As I made my way to the front lobby of Amplestone Academy, I entered the main office doors. My eyes glanced over the white marble desk, where the secretary who came to my Latin class was eyeing me down menacingly. I gulped heavily when my blue eyes met hers. Scratching the back of my blonde hair with nervousness, I approached her. “Ummm. I’m here to see the counselor,” I softly uttered to her, wondering if she even made out a single word I had said.
Her wrinkly finger pointed towards the back of the office. “Yes, Mr. Bettencourt. Mr. Preston has been waiting for you. You can head back. His door is open,” she informed me.
I nodded. “Thank you.” My hands squeezed the straps of my bookbag tightly, the redness in my knuckles becoming almost inflamed by how hard I was gripping on to them. Each step I took toward Mr. Preston’s office sent a chilling jolt throughout my body the more I neared his domain. Soon, I found myself within his open doorway, lightly tapping on the side doorframe to gather his attention.
The man abruptly stared up from his computer once he recognized me. He shot out of his chair, approaching my direction. “Ah! Mr. Bettencourt. Thank you for coming on such short notice. I’m sorry to have had to pull you out of class so suddenly. Hopefully, I wasn’t interrupting anything too important that you were learning?”
I shook my head as he patted me firmly on the shoulder. Mr. Preston was a colossal man at six-foot four-inches. His muscles tugged and flexed against his tawny brown dress pants and white button-down shirt. It would not surprise me if he was once a former pro-wrestler in his former career. Although his physical being was intimidating, his tone and personality were not. They were completely the exact opposite, with how warm and inviting he was, with his sincere smile and caring nature.
“No. You didn’t interrupt much,” I responded.
“That’s great to hear,” Mr. Preston added, before softly shutting the office door from behind to give us privacy as I stepped further into the room. “Please, have a seat,” he offered.
“Okay…” I removed my backpack from over my shoulder and placed it on the ground beside me, slumping into the chair directly across from Mr. Preston, who had his hands folded together, each finger interlocked with the other. He leaned over his desk, just staring at me with a blank expression on his face.
I knew this was going to be bad, whatever it was that he had to share. Otherwise, he wouldn’t have drastically changed this quickly from a man who was thrilled to see me to one who now had a stone-cold expression on his face.
“Mr. Bettencourt, I’m sure you’re wondering why you were called down here?”
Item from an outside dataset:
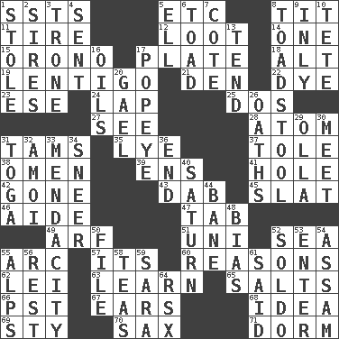 ACROSS 1. Fast planes 5. And so on (abbr.) 8. Teat (slang) 11. Become fatigued 12. Spoils 14. Single 15. U. of Maine site 17. Food holder 18. The first octave above the treble staff 19. Small, flat, pigmented spot on the skin 21. Lair 22. Color 23. Compass dir. 24. Pet locale 25. Two (Sp.) 27. Perceive with the eye 28. Smallest unit of an element 31. Scottish caps 35. Potassium hydroxide 37. Lacquered or enameled metalware 38. Sign of things to come 39. Followers of ems 41. Hollow 42. Went 43. Apply (a substance) by light strokes 45. Narrow board 46. Helper 47. Bar bill 49. Sandy's bark 51. Single; one (prefix) 52. Ocean 55. Curve 57. It is 60. Thinks logically 62. Luau accessory 63. Acquire or gain knowledge or skills 65. Table seasonings 66. Pacific Standard Time (abbr.) 67. Hearing organs 68. The content of cognition 69. Filthy place 70. Saxophone 71. Dormintory (informal) DOWN 1. Took without asking 2. Founders of families 3. Heavy duty weighing machine 4. Emitted 5. Pipe bend 6. Frog relative 7. ____ d'Azur (French Riviera) 8. Inedible or poisonous agaric 9. In an inward manner 10. Wig 13. Watch over 16. Lubricates 17. Wimpy's pal 20. Highlander 26. Expletives 29. Rounded earthenware pot or jar 30. Confront 31. Ancient Roman robe 32. Mine, in Marseilles 33. Ananias' fault 34. Contemptuous expression 36. Conclusion 40. Titan orbits this 44. Object of repulsion 48. Prejudice 50. Do some clerical work 52. Twentieth part of a lira 53. Keyboard key 54. Indian state 55. High mountains 56. Respite 58. Afternoon social gatherings 59. "Two Mules for Sister ____" 61. Alleged 64. Acura sports coupe

I shrugged nonchalantly. “I guess so.”
“Well, some of your teachers have expressed some concerns about your well-being,” he bluntly stated, getting right to the point of the matter.
“My well-being?” I repeated aloud, not quite understanding where this was coming from.
“Yes. They are worried about you, this being your first year here at Amplestone Academy and all. Whenever they assign you to collaborate or speak with other students in class, they claim you sort of shut down and just keep to yourself, not contributing much. Tell me, Ace, do you have any friends here on campus?”
This was much worse than I had imagined. I did not know my teachers thought this about me. I assumed I was covering my tracks with my lack of socializing fairly well, but apparently, this was not the case at all. They were able to quickly dissect me and bring it to the attention of the lead counselor at Amplestone.